# Profibus Struktur realisierbar?



## eYe (8 Juni 2010)

Nabend,

ich würde zu der angehängten Skizze gerne mal eure Meinung hören.

1) Ist das Ganze grundsätzlich so realisierbar (LWL Ringstruktur mit RS485 Strängen)

2) Ich würde gerne mit 12 Mbit fahren, also dürfen die Stränge max 100m lang sein?

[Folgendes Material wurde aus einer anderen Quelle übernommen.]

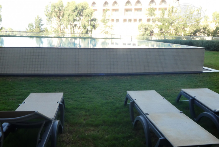 Номер. У нас был номер в основном здании с, так называемым, выходом к бассейну. Я реально не понимаю, за что с нас взяли доплату, тут скидку нужно делать огромную тем, кто живёт в этих номерах. Я недостаточно хорошо изучила вопрос и была потрясена, увидев вместо выхода в бассейн занюханную лужайку с огромным корытом, возвышающимся перед перед дверью террасы. Моя десятилетняя дочка брезгливо заглянула в это корыто, называемое бассейном, и сразу заявила, что купаться в нём нельзя, оно очень грязное. Я не буду подробно описывать это безобразие, достаточно посмотреть на фотографии, всё будет понятно. Поутру, открыв дверь террасы, мы услышали звуки стройки, шум работающего трактора, что-то крушили, ломали. Источник этого шума мы обнаружили много позже, иначе я бы потребовала сразу же поменять номер. Наш номер находился в крыле ресторана и бассейн по существу находится на крыше ресторана, а за углом нашего крыла мусорный блок ресторана с соответствующим шумом и запахами. Фотография так же прилагается.

Bei längeren Strecken kann ich mit Repeatern verlängern?

3) Ich habe in der Summe mehr als 32 DP-Teilnehmer, aber pro Strang sind es immer weniger als 32. Muss ich dennoch Repeater verwenden, oder machen das quasi die OLMs?

4) In der Step7 HW-Konfiguration soll man ja die Profibuszykluszeit ablesen können. Was ist der Unterschied zwischen Ttr und Ttr_typisch? (Worst case und Durchschnitt?)

5) Kann man die Zykluszeit auch irgendwie berechnen, zum Beispiel für dieses Projekt bei Annahme von 75 Teilnehmern, 12Mbit und 3.000 Bytes Datenaustausch auf dem Bus. (Nur die CPU ist Master, Panel PC wird über Ethernet angebunden)

6) Was passiert wenn:
a) Ein oder mehrer Teilnehmer ausfallen? (Buszykluszeit geht hoch, ca??; Rest läuft weiter)?
b) Wenn eine LWL Leitung ausfällt? (OLMs schalten auf den anderen Kanal um, alles läuft  weiter?)
c) Wenn eine Strangleitung defekt ist? (Gesater Strang fällt aus, Rest läuft weiter?)


Danke,
eYe


----------



## centipede (8 Juni 2010)

eYe schrieb:


> Nabend,
> 
> ich würde zu der angehängten Skizze gerne mal eure Meinung hören.
> 
> 1) Ist das Ganze grundsätzlich so realisierbar (LWL Ringstruktur mit RS485 Strängen)



Ja, geht so



> 2) Ich würde gerne mit 12 Mbit fahren, also dürfen die Stränge max 100m lang sein? Bei längeren Strecken kann ich mit Repeatern verlängern?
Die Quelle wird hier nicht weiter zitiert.